Dass die „Gëlle Fra“ 2010 noch einmal von ihrem Sockel geholt wird, um auf der Weltausstellung in Shanghai der Luxemburger Wirtschaft Beistand zu leisten, darf als ein Akt unstatthafter Vereinnahmung von Erinnerungskultur und Totengedenken betrachtet werden. 2001 ist das Denkmal schon einmal, allerdings auf eine ganz andere Weise, nachhaltig in Bewegung geraten: in den Köpfen der Betrachter. Hat doch die kroatische Künstlerin Sanja Iveković mit ihrer schwangeren Replik „Lady Rosa of Luxembourg“ der „Gëlle Fra“ ein anderes Frauenbild – in 200 Meter Entfernung – an die Seite gestellt. Aus einer der griechischen Göttin Nike und der Jungfrau Maria ähnlichen Gestalt wird eine Frau aus Fleisch und Blut, stark und verletzlich zugleich. Die Szene der drei Figuren der „Gëlle Fra“ wird aufgebrochen: Eine über den Soldaten schwebende Göttin wird zu einer den Kriegsgewalten ausgesetzten schwangeren Frau.  

Eine andere bewegte Geschichte der „Gëlle Fra“ mag in den Gedanken ihres Schöpfers Claus Cito gespielt haben: Cito war enger Freund des deutschen Malers August Macke, mit dem er 1906 zusammen in Düsseldorf wohnte. 1908 fertigte Cito in seinem Atelier in Bascharage eine heute verschollene Büste von seinem Besucher August Macke an1. Macke fiel als Soldat der deutschen Armee im September 1914 in Frankreich. Bei der Betrachtung des trauernden Soldaten in der Figurengruppe stellt sich mir eine Frage. Wird Cito während seiner Arbeit an dem Denkmal für Gefallene des Ersten Weltkriegs nicht auch oft an Macke, seinen Freund aus des Feindes Armee, gedacht haben?
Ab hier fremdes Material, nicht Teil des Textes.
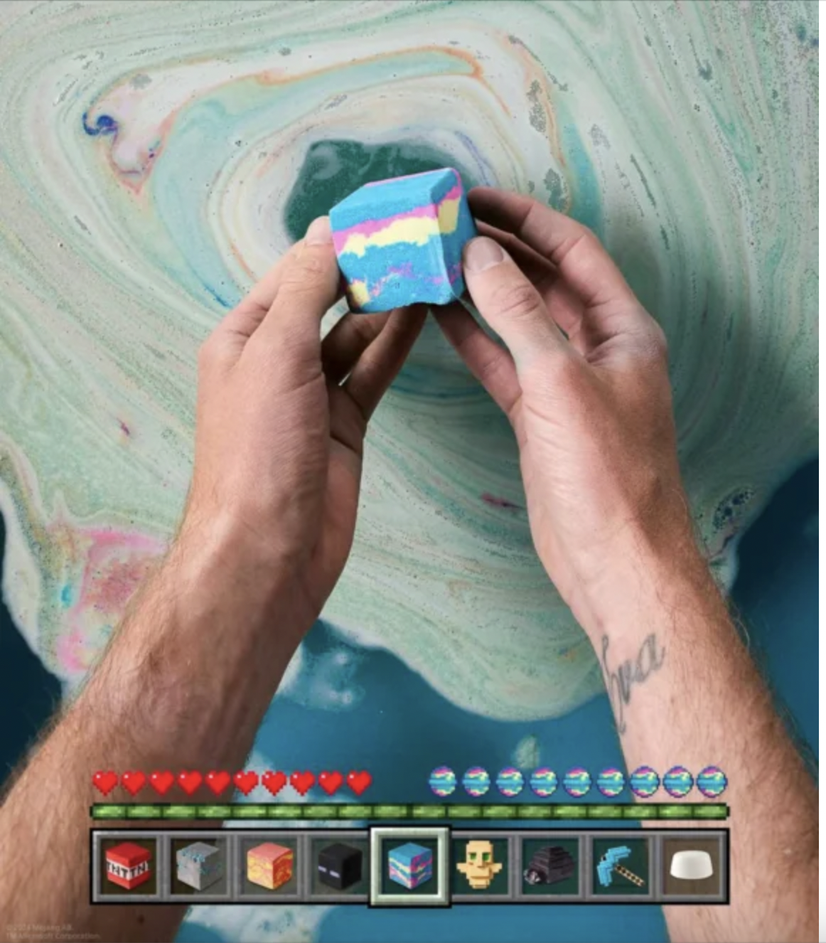 Демонструючи, що царини краси та Minecraft не надто відрізняються один від одного, нова лінійка містить 13 засобів для ванни, які, як і гра, можна змінювати та доповнювати за бажанням користувача. Завдяки цьому персоналізованому досвіду бомби для ванни, мило та желе для душу створені для того, щоб пінитися та імітувати Верхній світ, створюючи справді унікальний відпочинок у ванній кімнаті.

Wer dem trauernden Mann, der Schild, Helm und Schwert zur Seite gelegt hat und in sich gekehrt neben dem Toten sitzt, ins Gesicht schaut, kann Anteil haben an einer Urszene menschlicher Existenz: um einen anderen Menschen trauern, sich einem Verlust stellen, sich der eigenen Endlichkeit – und Sinnlosigkeit manchen Tuns – bewusst werden. Dieses Gesicht in seiner abgewandten Fremdheit übt auf mich eine starke Anziehung aus. Der Trauernde sitzt, als sei er „zugrunde gegangen“. Ob er je wieder aufstehen wird? Ich vergesse die Rastlosigkeit um mich herum auf der immer noch zu einem Parkplatz degradierten Place de la Constitution. Wie andere, die schon Totenwache gehalten haben, kommen mir Erinnerungen an Abschiede von mir wichtigen und lieben Menschen. Und an nicht gelungene Abschiede.
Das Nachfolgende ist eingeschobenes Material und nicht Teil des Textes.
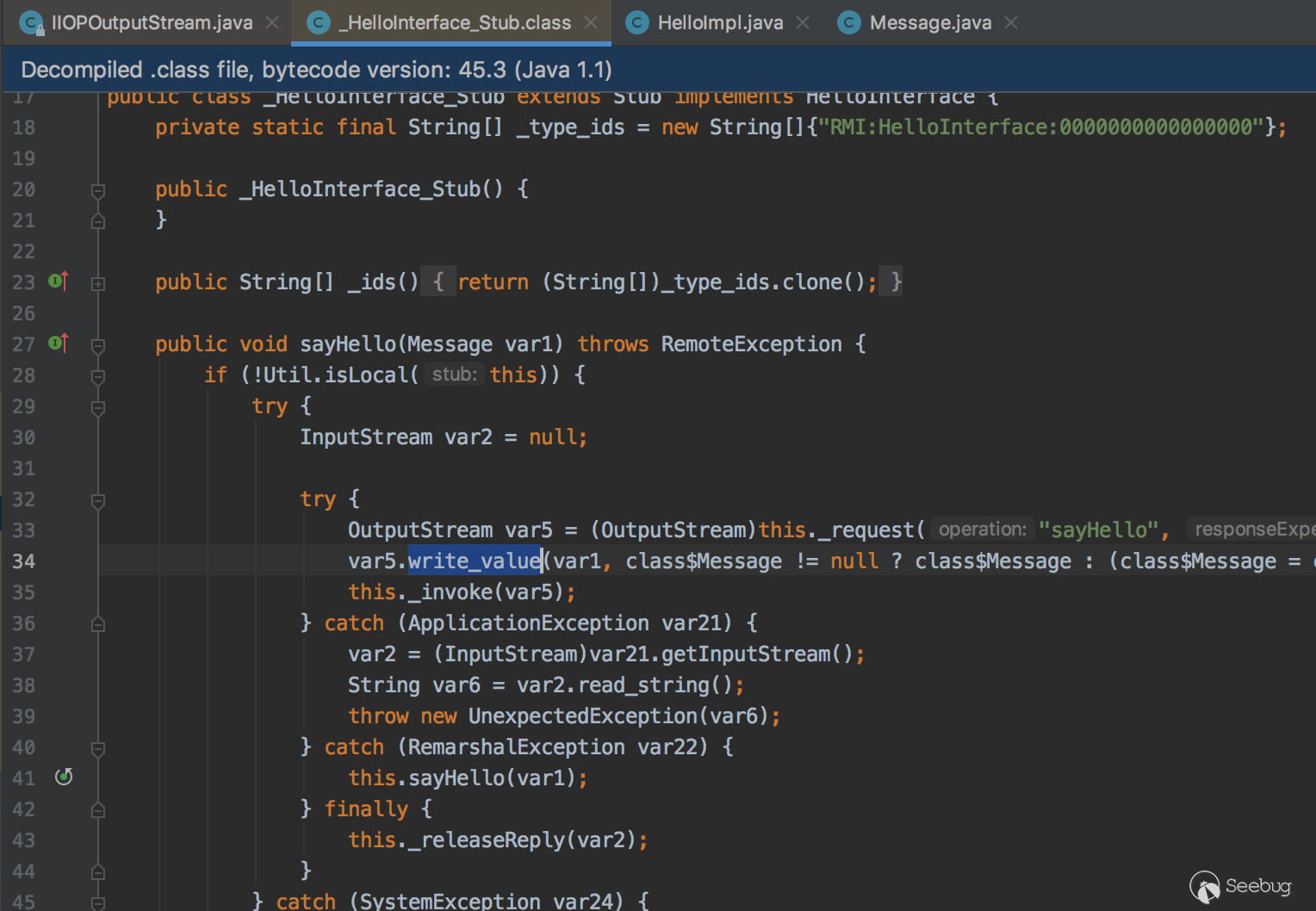 sayHello方法會從request中獲取數據,然后執行CDROutputStream.write_value方法會執行到IIOPOutputStream.invokeObjectWriter方法

Das Denkmal der „Gëlle Fra“ für die Toten dreier Kriege, so verstehe ich es heute in Zeiten von wachsender Fremdenfeindlichkeit und bedrohlicher Nationalismen, ist ein Denkmal für „unsere“ und – ja, und – zugleich alle anderen Opfer von Hass, Gewalt und Krieg. So wie es der katholische Theologe Johann Baptist Metz deutlich formuliert: „Das Gedenken des Leidens wird zur Basis einer universellen Verantwortung, wenn es immer auch die Leiden der Anderen, die Leiden der Fremden und – biblisch – sogar die Leiden der Feinde in Betracht zieht und bei der Beurteilung der je eigenen Leidensgeschichte nicht vergißt“2. Dies leistet in meinen Augen Claus Cito mit seiner Darstellung der „Gëlle Fra“. 

 

1 Lotti Braun-Breck, Ons Stad, Nr. 60/1999 S. 22-27 

2 Johann Baptist Metz, Im Eingedenken fremden Leids, in: J.B. Metz u.a.: Gottesrede, Hamburg, LIT Verlag, 1996, S. 13f


Winfried Heidrich ist katholischer Theologe, Klinik­seelsorger und  Kunst­therapeut.